20 Years After The Age of Consent Equalized Gay Men, LGBTQ Rights Have Stalled



 

Twenty years ago, consensual sex between sixteen or seventeen-year-old young men was considered a crime. The laws governing sexual offences were a mess: the age of consent for gay men was eighteen, but for everyone else it was sixteen. And it gets worse. If a sixteen-year-old man had sex with another man aged eighteen or nineteen, the older teenager could face a jail sentence. 

There were crimes that only gay people could commit. To make it easier to penalise homosexuals, the Victorians came up with the offence of gross indecency, which effectively criminalised any form of intimacy between gay men. In theory, gross indecency could only be committed consensually, otherwise the sexual act would amount to sexual assault, but lazy prosecutors would prosecute non-consensual sex as gross indecency because it was so easy to prove.

Over time, defences to gross indecency emerged. If both parties were over eighteen and the acts took place in private, a crime was not committed. But a snog and fondle in the park, a rite of passage for most teenagers, could result in a two-year prison sentence for young, gay men.

Gross indecency was one of many laws that were used to oppress gay men for over a century. Gay sex was also criminalised under buggery laws (known as sodomy laws in Scotland) and gay men could be convicted for just trying to meet another man for sex. Throughout the twentieth century, the police thought it a good use of their resources to employ undercover police officers to entrap people in those circumstances. 

Gay identity was reduced to sex and that sex was a crime. Being gay was a criminal enterprise. Gay people became outlaws and were driven underground. And yet, those gay babies carried on being born.  

Partial decriminalisation of homosexual acts in 1967 seemed to herald a new age of toleration. Yet prosecutions for consensual sex between gay men increased throughout the 1970s, 1980s and 1990s. No measures were adopted to protect the LGBTQI community from discrimination. 

And then, in 1988, a new strategy was pursued – public authorities were banned from promoting homosexuality. Why hadn’t they thought of this before? If talking about LGBTQI people was off limits too, then so too was supporting them. Providing funds was out of the question. Schools considered themselves actively barred from mentioning sexual orientation and gender identity to their students.  

This persecutory environment could be justified because all gay men were crypto-criminals, requiring a criminal law regime all of their own. While that framework was in place, equality was a dream. 

Parliamentary battle

Democracy works in strange ways. Despite there still being a preponderance of distaste for homosexuals, Britain wanted change. They elected New Labour in 1997 and the party was committed to ending unjustified discrimination of LGBTQI people. The justification for discriminating against gay men and lesbians was the enhanced criminalisation of gay men, including the unequal age of consent. Make gay men equal in the eyes of the law and the excuse for discrimination falls away. Tony Blair, then prime minister, and his government committed to an equal age of consent.

Easier said than done.

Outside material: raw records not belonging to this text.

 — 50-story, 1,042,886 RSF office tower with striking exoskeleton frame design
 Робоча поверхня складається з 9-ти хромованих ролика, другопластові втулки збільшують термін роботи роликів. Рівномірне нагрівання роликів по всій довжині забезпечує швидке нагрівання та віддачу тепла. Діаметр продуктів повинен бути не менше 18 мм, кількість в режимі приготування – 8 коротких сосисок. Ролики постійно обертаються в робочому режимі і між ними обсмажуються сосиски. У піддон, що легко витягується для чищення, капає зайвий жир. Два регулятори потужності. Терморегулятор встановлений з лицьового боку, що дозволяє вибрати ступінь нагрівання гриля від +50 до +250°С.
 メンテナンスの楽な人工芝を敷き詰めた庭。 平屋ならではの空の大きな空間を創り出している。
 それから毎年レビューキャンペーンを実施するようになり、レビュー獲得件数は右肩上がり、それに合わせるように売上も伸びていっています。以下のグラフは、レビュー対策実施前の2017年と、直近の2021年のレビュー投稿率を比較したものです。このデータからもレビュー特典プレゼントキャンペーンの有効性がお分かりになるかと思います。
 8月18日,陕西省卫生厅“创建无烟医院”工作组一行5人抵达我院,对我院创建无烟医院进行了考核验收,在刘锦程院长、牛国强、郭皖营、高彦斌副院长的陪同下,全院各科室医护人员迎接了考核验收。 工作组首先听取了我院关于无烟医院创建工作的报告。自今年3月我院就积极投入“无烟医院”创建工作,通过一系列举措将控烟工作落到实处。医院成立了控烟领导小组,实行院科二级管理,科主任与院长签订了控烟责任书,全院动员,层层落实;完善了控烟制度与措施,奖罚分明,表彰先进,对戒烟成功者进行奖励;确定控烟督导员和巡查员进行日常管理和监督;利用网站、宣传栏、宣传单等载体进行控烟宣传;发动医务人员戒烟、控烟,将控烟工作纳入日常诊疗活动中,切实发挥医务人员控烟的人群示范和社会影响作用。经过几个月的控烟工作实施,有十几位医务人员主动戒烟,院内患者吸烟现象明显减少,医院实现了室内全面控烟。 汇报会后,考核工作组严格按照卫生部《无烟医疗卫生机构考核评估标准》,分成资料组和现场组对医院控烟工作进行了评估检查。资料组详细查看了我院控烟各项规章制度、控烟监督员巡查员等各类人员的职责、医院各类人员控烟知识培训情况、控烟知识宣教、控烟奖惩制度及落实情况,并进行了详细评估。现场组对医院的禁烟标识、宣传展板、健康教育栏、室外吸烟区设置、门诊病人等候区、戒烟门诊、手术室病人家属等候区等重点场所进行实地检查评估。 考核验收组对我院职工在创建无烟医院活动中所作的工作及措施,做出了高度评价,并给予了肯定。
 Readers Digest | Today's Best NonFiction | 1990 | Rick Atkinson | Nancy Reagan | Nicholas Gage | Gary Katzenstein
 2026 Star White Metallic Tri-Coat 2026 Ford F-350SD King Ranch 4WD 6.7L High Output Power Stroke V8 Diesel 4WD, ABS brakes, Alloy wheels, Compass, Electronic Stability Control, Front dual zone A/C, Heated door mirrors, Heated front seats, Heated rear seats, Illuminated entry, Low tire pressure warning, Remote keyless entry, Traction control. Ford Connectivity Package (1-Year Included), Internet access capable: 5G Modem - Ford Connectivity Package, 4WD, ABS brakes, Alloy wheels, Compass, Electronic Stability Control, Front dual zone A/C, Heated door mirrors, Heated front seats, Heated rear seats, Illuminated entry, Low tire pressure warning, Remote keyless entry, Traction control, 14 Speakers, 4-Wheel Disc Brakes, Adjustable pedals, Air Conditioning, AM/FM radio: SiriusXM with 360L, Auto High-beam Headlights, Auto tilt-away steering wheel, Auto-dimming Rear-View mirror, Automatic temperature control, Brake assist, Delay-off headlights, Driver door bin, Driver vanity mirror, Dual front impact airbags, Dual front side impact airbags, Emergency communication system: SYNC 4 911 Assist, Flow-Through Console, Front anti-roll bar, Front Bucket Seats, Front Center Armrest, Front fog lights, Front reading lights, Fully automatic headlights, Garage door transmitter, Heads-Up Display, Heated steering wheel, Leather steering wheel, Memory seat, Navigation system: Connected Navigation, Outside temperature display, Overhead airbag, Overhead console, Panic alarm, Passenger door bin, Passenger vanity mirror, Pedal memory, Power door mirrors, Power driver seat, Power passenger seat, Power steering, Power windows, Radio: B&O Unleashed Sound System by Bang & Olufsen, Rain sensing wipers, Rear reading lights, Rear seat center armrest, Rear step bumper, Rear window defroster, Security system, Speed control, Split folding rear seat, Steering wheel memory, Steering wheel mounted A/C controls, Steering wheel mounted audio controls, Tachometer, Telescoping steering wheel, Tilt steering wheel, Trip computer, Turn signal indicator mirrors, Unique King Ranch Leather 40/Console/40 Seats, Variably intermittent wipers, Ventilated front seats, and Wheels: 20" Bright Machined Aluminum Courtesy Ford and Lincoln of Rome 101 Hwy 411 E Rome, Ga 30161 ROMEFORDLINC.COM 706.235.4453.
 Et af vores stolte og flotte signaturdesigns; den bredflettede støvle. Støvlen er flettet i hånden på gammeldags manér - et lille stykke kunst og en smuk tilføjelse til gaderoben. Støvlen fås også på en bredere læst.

Reactionaries refused to give up on their hostility towards LGBTQI people. Those who opposed New Labour’s equality agenda knew that to concede parity between gay and straight teenagers would mean that their edifice of gay enmity would crumble. In the House of Lords, they dug in. They consistently voted against an equal age of consent.

Blair went for the jugular. He circumvented the House of Lords using the Parliament Acts, a rarely used parliamentary procedure that allows MPs to force through bills without the approval of the Lords. The bill establishing an equal age of consent for both heterosexual and homosexual sexual activity was passed on 30 November 2000. 

The significance of using the Parliament Acts to introduce an equal age of consent cannot be overstated. It was only the sixth time a bill was passed using this procedure, and it has been used just once since. 

House of cards

Once the age of consent had been equalised, anti-LGBTQI laws fell one-by-one. Following Scotland’s example, the law banning the promotion of homosexuality was repealed in 2003. In that same year, England and Wales finally got a victim-centred sexual offences regime. Gay-only offences were wiped from the statute book. The offence of gross indecency, which had tormented gay men for nearly 120 years was gone. The crime of buggery was consigned to the dustbin of history. 

In a few short years, a raft of legislation securing additional LGBTQI rights was passed including civil partnerships, discrimination protections on sexual orientation and adoption rights for same-sex couples. Attempts at contrition for past harms done to gay men were hatched. Some men convicted for historic gay sex offences were offered pardons.

The future looked rosy, until, once again, LGBTQI issues started to be demoted. Apparently, there is no longer a need to fund anti-LGBTQI bullying projects for schools. There are faith-based forces lining up to oppose LGBTQI inclusive relationship and sex education. Those that can’t comply with traditional constructs of sex, gender and sexual orientation identities are told to kow-tow and fit in. This dilution of support for LGBTQI rights makes it clear that the dignity of all LGBTQI people is not yet unassailable.